艇は妙なうなりをあげはじめた。すると速力計の針は逆に廻りだした。速力がだんだん落ちてきたのである。それとともに、竜造寺兵曹長も、山岸少年も気持がよくなった。艇は水平にもどったのである。
「しっかり、しっかり。気をしっかり……」
兵曹長は、山岸中尉と帆村とを起した。二人とも、ようやくわれにかえった。
「機長。いま、水平に起しました。それまでは艇は急落下しておりました」
「ああ……」
「どこかに穴があいているようです。室内の気圧がどんどん下っていきます」
「ああ、そうか。これはすまん」
帆村が横合から声をだした。彼は計器のスイッチをぱちぱちと切りかえて、指針《はり》の動きに気をつけた。その結果、空気のもれているのは、尾部に近い左下の部分だとわかった。
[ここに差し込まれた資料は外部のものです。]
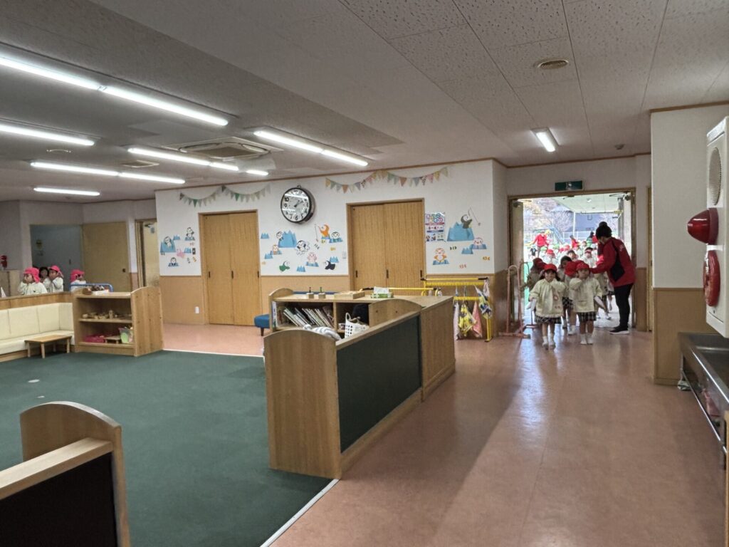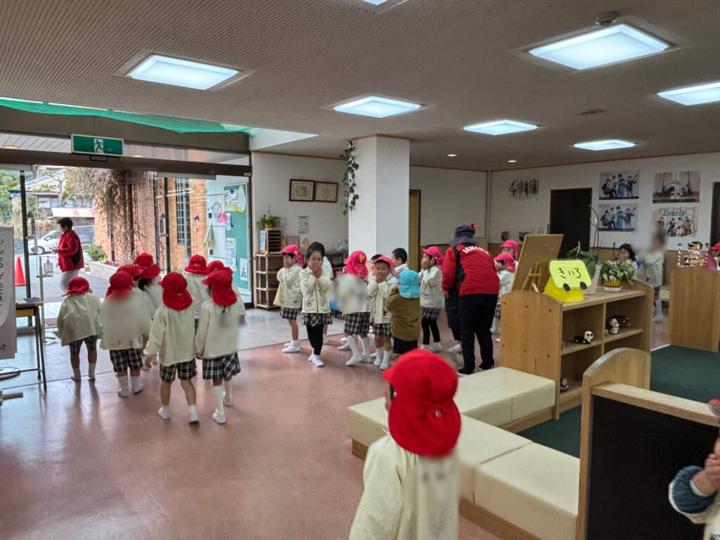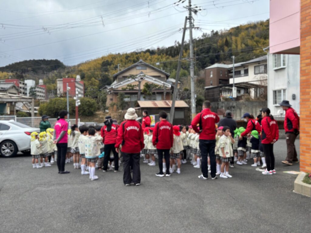 山火事を想定した避難訓練をしました 2025.02.20 園ブログ 山火事発生の合図を聞いて,子どもたちは着の身着のままで急いで玄関前駐車場に集合します。避難訓練は回を重ねるほどに行動が早くなってきています。

「機長。空気の漏洩《ろうえい》箇所は尾部左下です。いま調べてなおします」
「よし、了解。おちついて頼むぞ」
「大丈夫です。さっきはちょっと失敗しました。でも、ちゃんと『魔の空間』から離脱できたじゃないですか。われわれは大冒険に成功したわけですよ」
尾部の方へはいっていきながら、帆村は元気な声で言った。
「竜造寺兵曹長。見張につけ。敵の追跡に注意して……」
そうだ。ミミ族はどうしたろう。ゆだんはならない。
「はい」
兵曹長は、山岸少年に助けられながら、のぞき窓の前の席についた。
「兵曹長。苦しいですか」
と、少年は聞いた。
「いや、体が思うように動かぬだけだ。目はよく見える。心配はいらん」
だが兵曹長は、よほど苦しいらしく、歯をくいしばって、額を窓におしあてた。
かがやく大地
艇の尾部へもぐりこんで、空気のもれるところをさがしにいった帆村は、なかなかもどってこなかったし、報告もしてこなかった。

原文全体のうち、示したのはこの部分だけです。